Although scapegoating, abuse and bullying can perhaps best be seen as an interaction, in which two or more people are engaged in a relationship in which both may share the underlying feeling of being victims in life and a long-term sense of persecution, the literature concerning the psychology and psycho-pathology of the perpetrator is also of interest. I will examine this evidence in this section.

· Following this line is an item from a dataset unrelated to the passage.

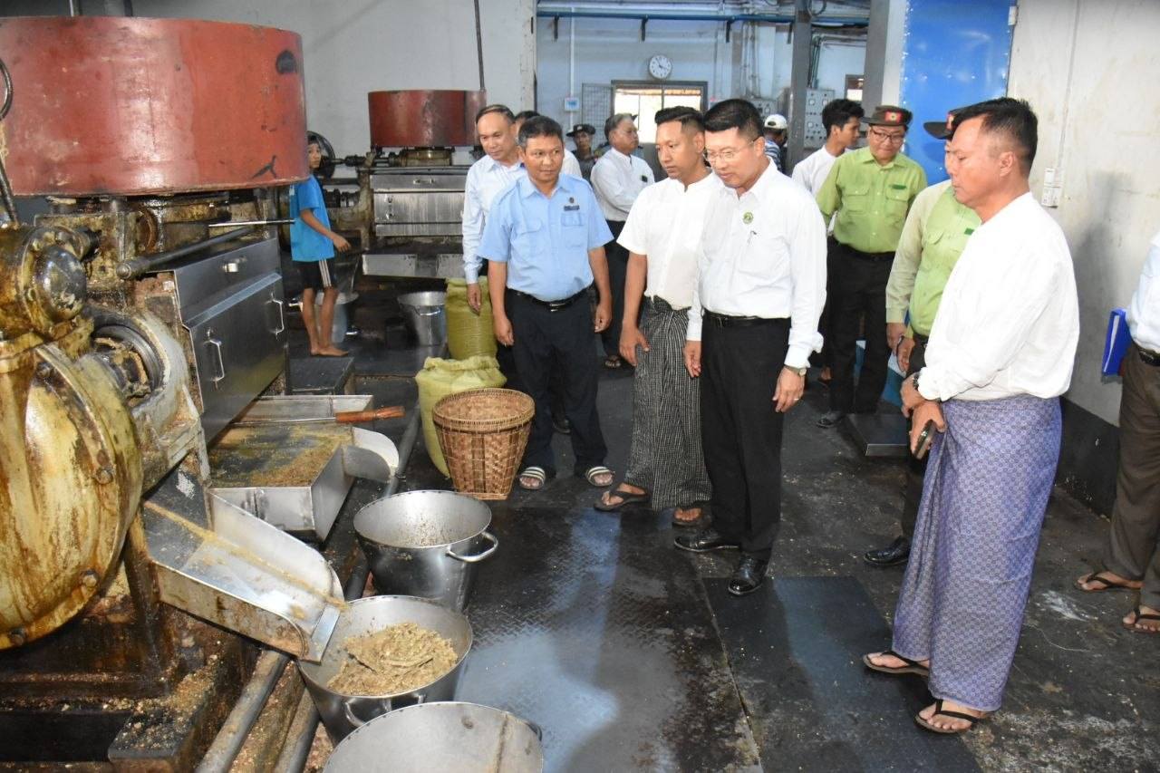 ဧရာဝတီတိုင်းဒေသကြီးဝန်ကြီးချုပ် ဦးတင်မောင်ဝင်း ဟင်္သာတမြို့၊ “နိုင်”ဆီစက်သို့ သွားရောက်၍ မြေပဲ၊ ပဲပုပ် ဆီကြိတ်ခွဲထုတ်လုပ်မှုအခြေအနေများအား ကြည့်ရှုအားပေး

The evil of the world is made possible by nothing but the sanction you give it. Ayn Rand. Atlas Shrugged. 1957.The link between ideas and action is rarely direct. There is almost always an intermediate step in which the idea is overcome. De Tocqueville points out that it is at times when passion starts to govern human affairs that ideas are most obviously translated into political action. The translation of ideas into action is usually in the hands of people least likely to follow rational motives. Hence, it is that action is often the nemesis of ideas, and sometimes of the men who formulate them. One of the marks of the truly vigorous society is the ability to dispense with passion as a midwife of action – the ability to pass directly from thought to action. Eric Hoffer.He who fights against monsters must beware lest he become one himself. And when your gaze penetrates deep into the abyss, the abyss can penetrate deep into you. Nietzsche. Beyond Good and Evil.Evil when we are in its power is not felt as evil but as a necessity, or even a duty. Simone Weil. Gravity and Grace. 1947.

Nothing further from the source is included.